Methods We have conducted a telephonic survey of our IBD patients in February 2012 to assess the influenza vaccination uptake for winter 2011–2012.

Results 140 children had responded to this survey (61.6% of our IBD patients). 84 children had Crohn’s disease, 35 had Ulcerative colitis and 21 had IBD unclassified. Majority of these children (90/140) were on immunosuppressive treatments. 61 children (44%) had received seasonal influenza vaccination in that winter. 21 of them received in October, 20 in November, 13 in December and 3 in January. Out of the 79 children who have not received the influenza vaccine, 42 were not aware of the need for vaccination and did not have the influenza vaccine in the previous winters as well. 10 children were aware of the need for the influenza vaccine; however they opted not to receive the vaccine. 14 children intended to receive the vaccine, however this was deferred due to various reasons like intercurrent illness, family bereavement and difficulties experienced the General Practice surgery. Only one IBD patient needed hospitalisation in 2011 and 2012 with Influenza infection, however this was in July before the vaccination had started.

Conclusion Department of Health advises influenza vaccination for immunosuppressed individuals and also for children with medical conditions, who may need treatment with steroids for more than a month. European Crohn’s and Colitis Organisation (ECCO) recommend influenza vaccination for IBD patients on immunomodulators.
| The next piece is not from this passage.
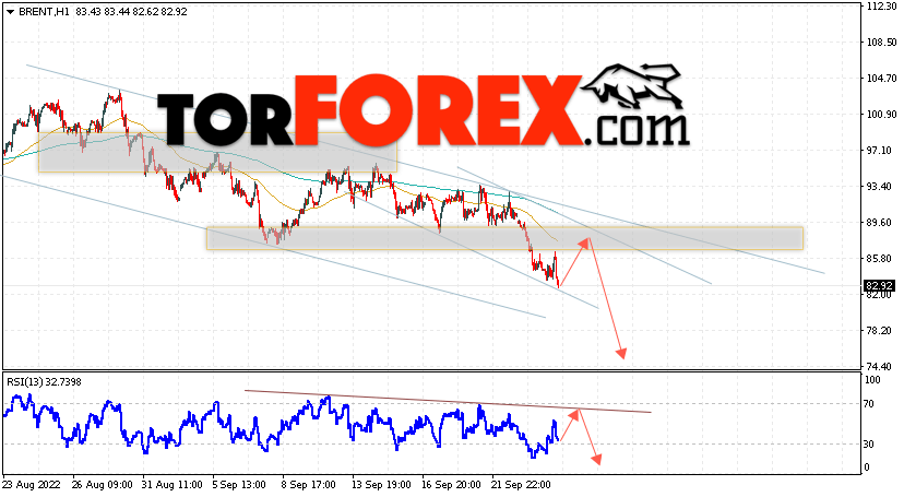 Дополнительным сигналом в пользу падения котировок и цен на нефть Brent выступит тест линии сопротивления на индикаторе относительной силы (RSI). Вторым сигналом станет отскок от верхней границы нисходящего канала. Отменой варианта снижения цен на нефть станет сильный рост и пробой уровня 93.05 долларов за баррель. Это укажет на пробой области сопротивления и продолжение роста котировок BRENT в область выше уровня 105.05. Подтверждением падению котировок выступит пробой области поддержки и закрытие цен на Brent ниже уровня 78.55.

Experience from Philadelphia, Boston and Poland show that good, but variable, antibody response occurs after influenza vaccination in children and better protection occurs against type A strains. Side effects, both local and systemic, are generally mild. Experience from Australia and Germany show that the seasonal flu vaccination uptake in IBD patients are generally low, 10% and 16% respectively. We would like to hear from other centres about their experience of influenza vaccination uptake in IBD patients. Further efforts need to be done to increase the awareness of influenza vaccination in patients with IBD.

Influenza vaccination uptake in our IBD patients are better than reported from other centres, however further work needs to be done both locally and nationally to improve the influenza vaccination uptake.